For those of you who've been the victim of a pyramid scheme, The Huffington Post has got a game for you! It's like one of those crosswords... no, that's not it. Jumble? You know, one of those games where you have to look for a word in the midst of a matrix of seemingly random letters... Word Search! Apparently that's what it's called... really? Word Search? Seems kinda plain somehow. It's like if someone tells you their name is John Smith. Really? Not a pseudonym, not an alias, not a joke name, it's actually John Smith. Okay, if you say so! Well, one thing I do like about the HuffPost's variation on... Word Search... is that they're pretty strict about what the right answer is. Sure, there might be OTHER correct words in there, but it's not the right one. Sometimes it's possible to screw up on a Word Search and circle the wrong word, but they're pretty careful about it.
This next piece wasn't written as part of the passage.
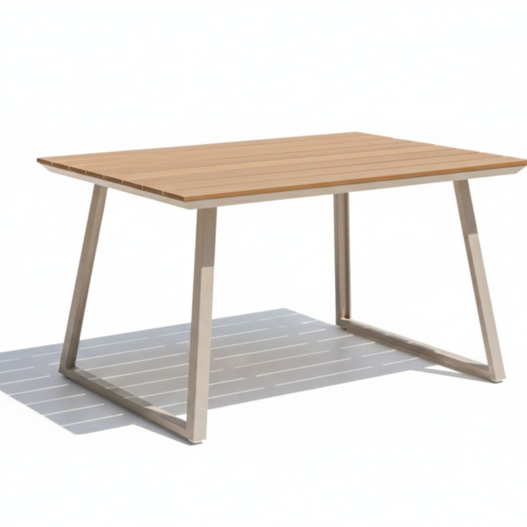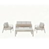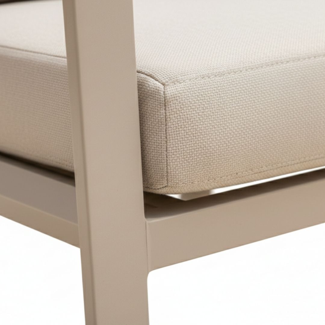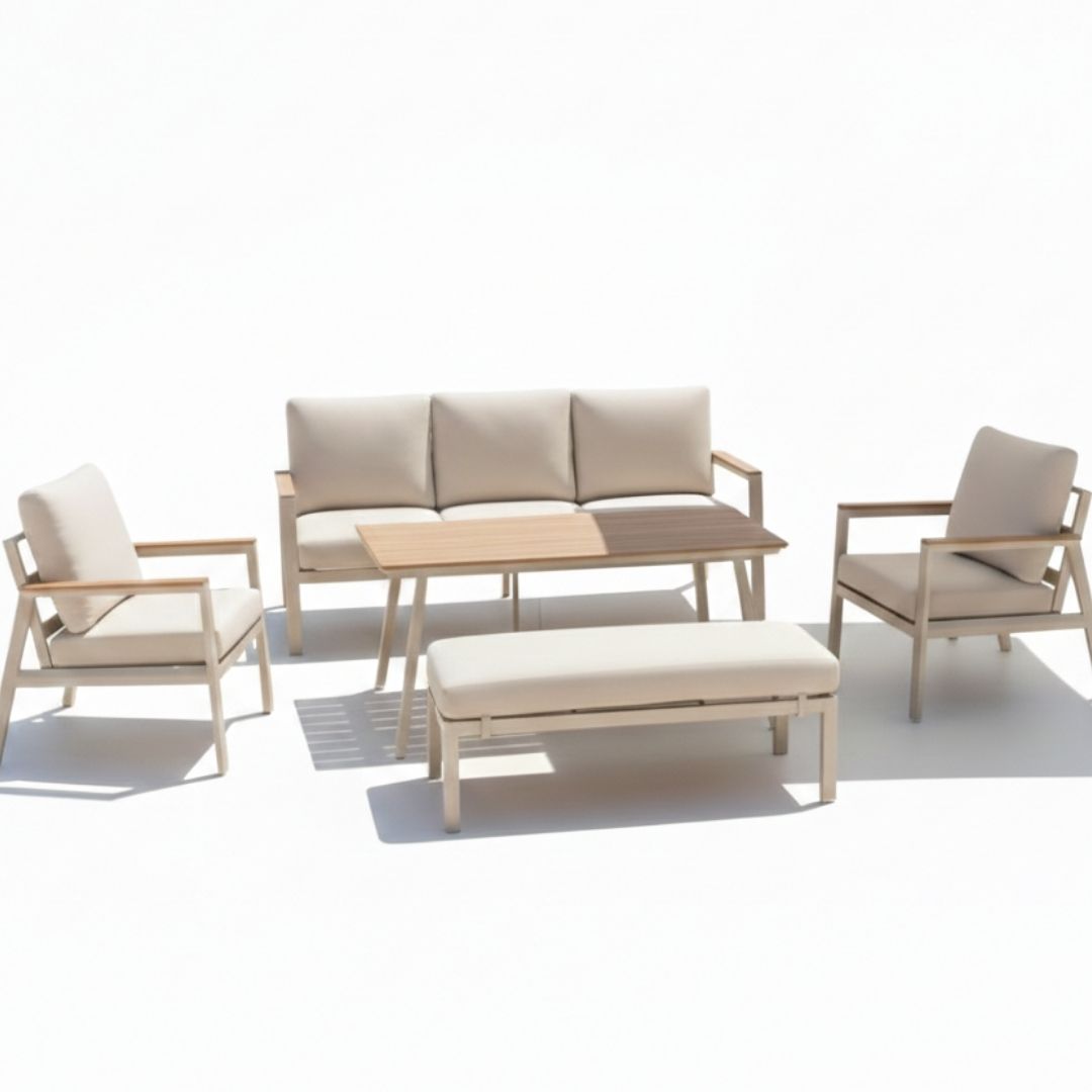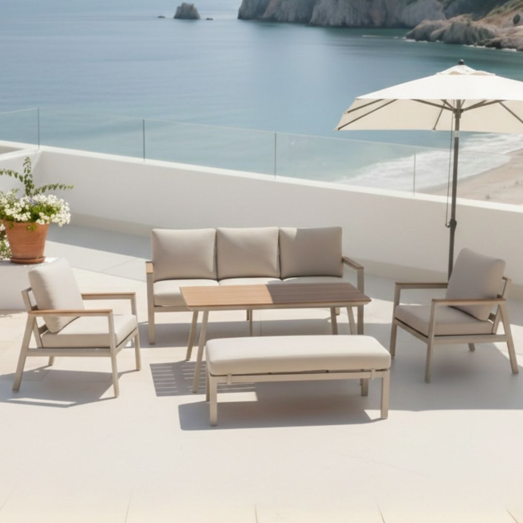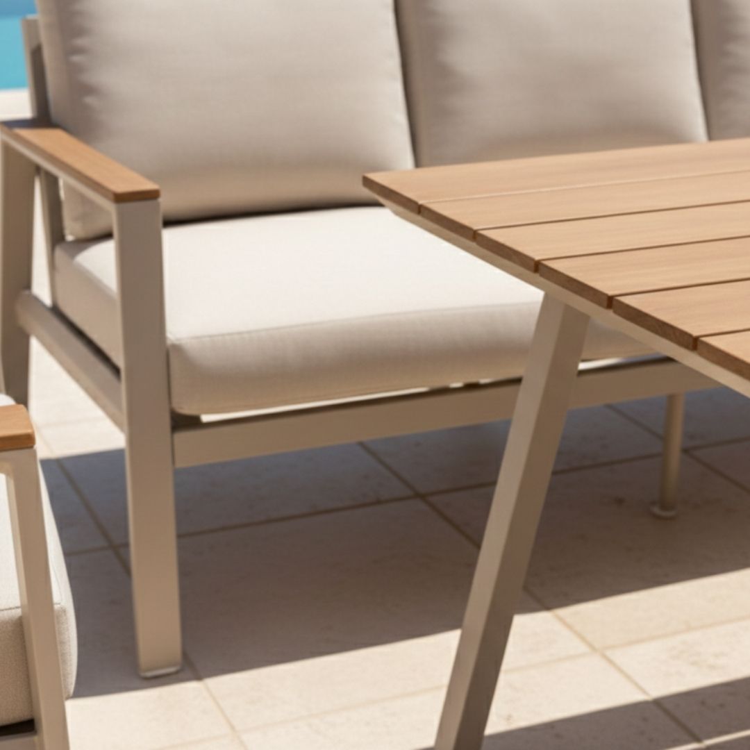 El conjunto de jardín Santorini destaca por su diseño moderno y elegante, ideal para terrazas, jardines o porches. Su estructura de aluminio con acabado beige y los reposabrazos con detalle en madera sintética aportan estilo y durabilidad

Sunday, September 17, 2023
Mr. Robot, Level 'T'
Ah yes, finally we come to what I was alluding to in previous posts. And yes... I am that fool that needs to be pitied. If you're like me, you use 'saved states' to play games on that awesome Atari emulator... a feature missing on my 2600 Emulator, sadly! Oh well, I wasn't planning on playing Ms. Pac-Man for the 2600 for too long anyway. AND SO... those stupid white downspouts make their triumphant return again, and yup! You guessed it... Slip up once, and you're finished. At least it's a quiet death. I do kinda like the one where the bomb blows you skyward. Kinda feels like you're getting something done, don't it? No? Just me? Okay, never mind... oh, right. So I use 'saved states' to play this game. Usually, I only need one per level. On this level, however, I needed TWO!!! Getting to the middle of the board is just that much of a pain in the........................................
Mr. Robot, Level 'S'
Good Lourdes! Are we EVER going to get through this damn alphabet? Guess we're just lucky they're not using the Chinese or Japanese alphabet... am I right? According to Wikipedia, there's 50,000 Chinese characters in the language... but that's since antiquity. Only 10,000 are in use today, 3,000 of which are frequently used, especially in their media. Keep fighting, guys. Meanwhile, there's just a few thousand letters in the Japanese alphabet. Therefore, probably not a good way to label your levels in a video game. Who's got time to play a few thousand levels? You gotta do like Doom II, and just have a few really good levels... man, I miss that thing. ENNY WEIGH, as you can see from the attached pic, Level 'D' strikes again, with a twist... is this a first? Maybe not. I'm too beleaguered to check. I think this is the first time that those bombs are used as a downward staircase. I should probably put a bunch of arrows on this thing! Give myself a map for when I try to flip this game's score. I wouldn't have been able to do it if I was playing this on an actual Atari machine. I had other games to play, besides. I mucked around with that Racing Destruction Set way too much, that's for sure. It's like Marble Madness, but with cars!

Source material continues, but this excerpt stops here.